Updated 26 April 2023
AI in Search Engine Optimization: Benefits, Drawbacks, and Cautions
As we have seen, AI has significantly impacted the SEO landscape, but striking a balance between AI-generated content and human expertise remains crucial for long-term success. Artificial Intelligence (AI) has revolutionized several industries, and search engine optimization (SEO) is no exception. This update will examine the effective use of AI in the world of SEO, exploring the benefits and drawbacks associated with its application. We will also discuss the importance of AI detection and how it works to ensure ethical and fair use of AI-generated content in the digital landscape.
Benefits of AI in SEO
Keyword research and analysis: AI-powered tools can analyze vast amounts of data and provide valuable insights into keyword trends, search intent, and user behavior. This allows SEO professionals to fine-tune their keyword strategies and optimize their content for better visibility and search rankings.
Content optimization: AI can help in improving content by suggesting optimal content structures, headers, and meta tags. It can also analyze user-generated content to identify popular topics and trends, allowing content creators to better address their target audience's needs and interests.
Personalization: AI algorithms can track user behavior, preferences, and location data to deliver a personalized search experience. This helps businesses to target specific demographics and create more relevant, engaging content for their audience.
Voice search optimization: As voice search becomes increasingly popular, AI-powered systems can help optimize content for voice-based queries, improving the chances of being found by users who prefer speaking their queries instead of typing them.
Drawbacks of AI in SEO
Over-optimization: Relying solely on AI-generated content can lead to over-optimization, where content becomes too focused on specific keywords and phrases. This can reduce the natural flow of the text and potentially harm user experience and engagement.
Ethical concerns: The use of AI-generated content raises ethical concerns, especially when it comes to plagiarism or passing off computer-generated work as original human-authored content.
Lack of creativity and human touch: Although AI can generate content, it often lacks the creativity and emotional connection that human-authored content possesses. This may result in content that is technically well-optimized, but fails to resonate with the target audience.
Cautionary Aspects of Using Automated Content
Quality and relevance: AI-generated content may not always deliver the quality and relevance that human-authored content can provide. Ensuring content is engaging and valuable to users should always be a priority over purely optimizing for search engines.
Unintended consequences: Relying too heavily on AI-generated content can lead to the creation of low-quality or even misleading information, which can harm a brand's reputation and trustworthiness.
The Importance of AI Detection
As AI-generated content becomes more prevalent, it is crucial to develop AI detection methods to differentiate between human-authored content and machine-generated content. AI detection can help:
Maintain the integrity of search results: By identifying and potentially penalizing AI-generated content that does not adhere to ethical guidelines or provide genuine value to users, search engines can maintain a higher quality of search results.
Encourage ethical use of AI: AI detection can serve as a deterrent for those attempting to exploit AI-generated content for malicious purposes or to manipulate search rankings unethically.
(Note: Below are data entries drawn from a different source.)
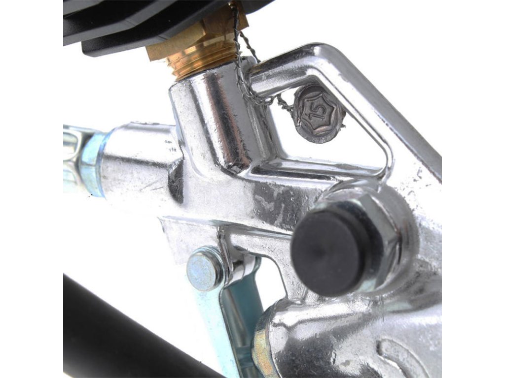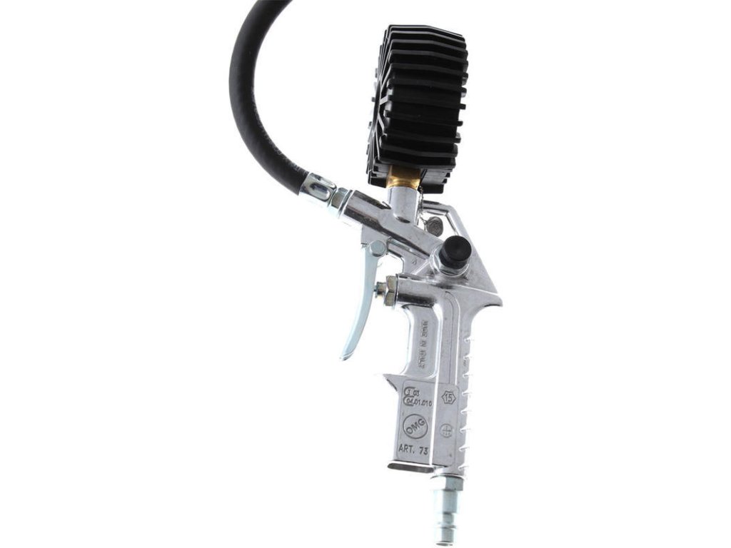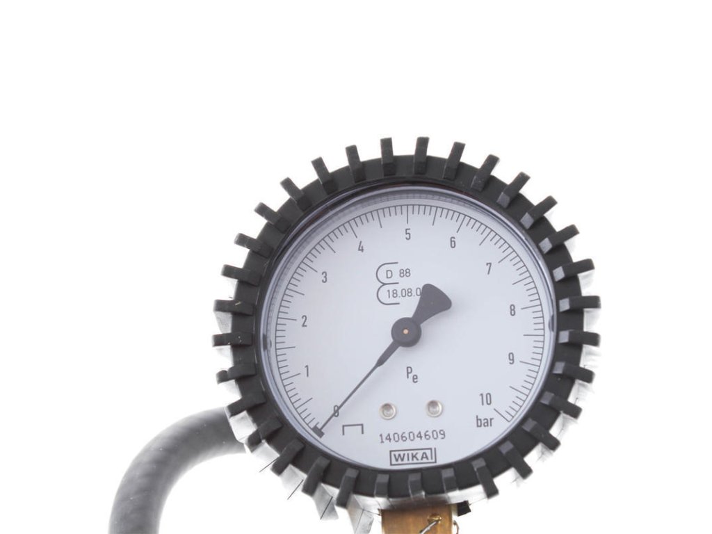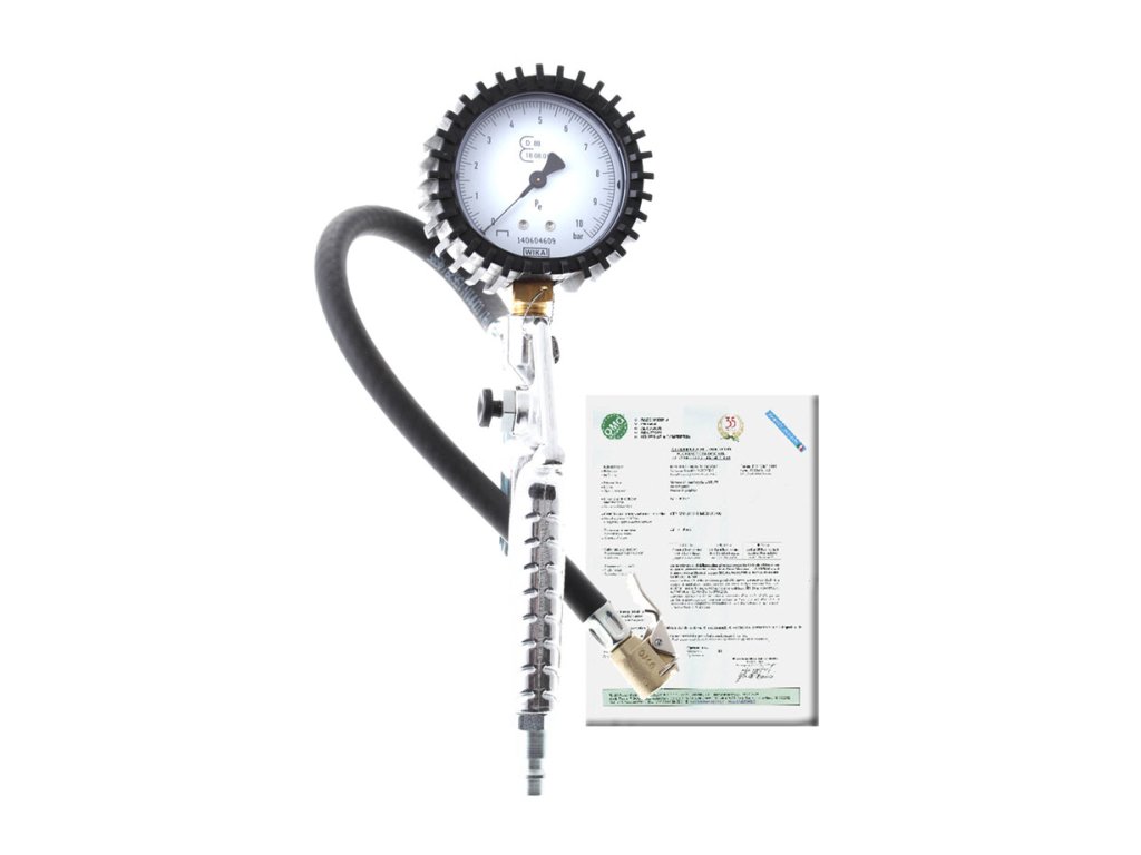 Ciachovaný pneuhustič s certifikátom pre plnenie tlaku v peumatikách.
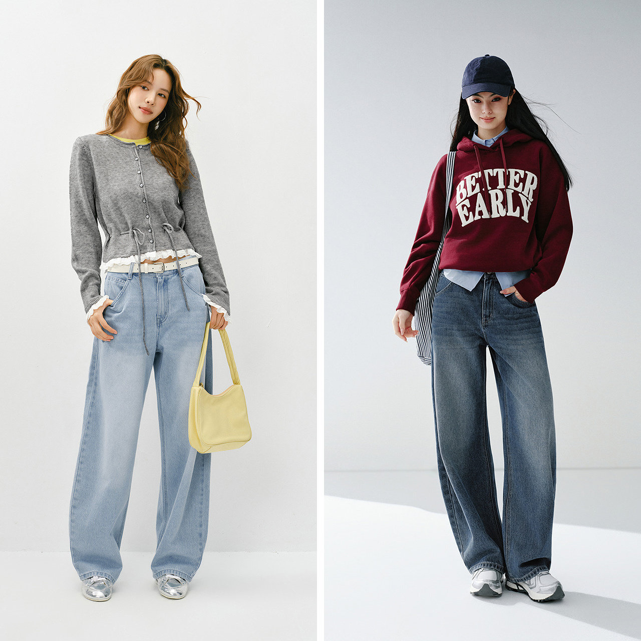 森柔牛仔|商场同款森马牛仔裤女翻边长裤2025秋季新款宽松阔腿裤
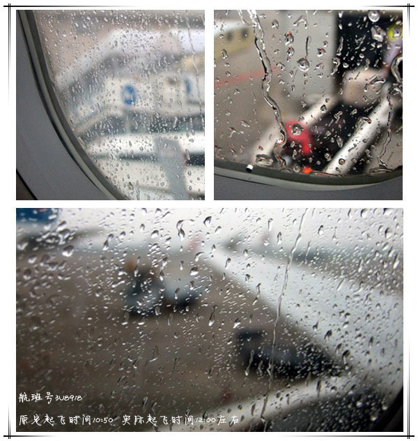 没想到,开始登机的时候下起了小雨,而上飞机后,雨势就越来越大,整个机场跑道开始积水,原定于10:50起飞的飞机,因为天气原因延误了大约有1个小时左右。
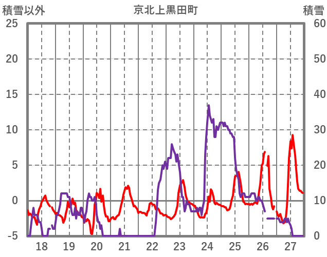 | 日 | 時 | 気温 | 降水 | 風向/風速 | 日照 | 積雪 | 降雪 |

AI has undoubtedly transformed the world of SEO, offering numerous benefits and opportunities for businesses to improve their online presence. However, it is essential to balance the use of AI with the human touch, ensuring that content remains engaging, relevant, and valuable to users. By developing and implementing AI detection methods, we can promote the ethical and responsible use of AI-generated content in the digital landscape, maintaining the integrity of search results and fostering a fair, competitive environment for all.
Updated 10 October 2022
AI Content Triggers Penalties
As predicted earlier this year, there are now a good number of SEO products using artificial intelligence to assist in ranking websites. These tools can reveal information and competently write English language content. The most popular is probably Jasper, the writing tool targeting SEOs but whose actual market is much larger because it's basically a content generator for any topic. The most sophisticated SEO tool is on-page.ai which uses Google's api to reveal detailed information regarding improving semantic optimization, along with generating readable text. These tools can very quickly create original content based on seeded topics and keywords that is good enough to cut and paste. The creators of these tools encouraged that because they knew that the AI content was actually original - created by the AI engine, not copied from another source, so it wouldn't be flagged as redundant. And it was fast. Writers could rapidly generate much more content and had a way to become super productive. It was too good to be true. The popularity of these tools and their widespread use as content generators eventually triggered blowback from Google.
The thing about AI generated content is that while factually true, even the most detailed passage is written generically. Google launched its "Helpful Content Update" to detect AI written content and harmed the ranks of sites relying on it. From the penalized sites we've seen, the issue can be remediated by avoiding generic stats and facts while tightly connecting the content to the purpose of the website. From Google's point of view, facts about certain legal problems and remedies do not help you understand how a specific law firm would handle your need. Really interesting to see Google's AI outing AI generated content.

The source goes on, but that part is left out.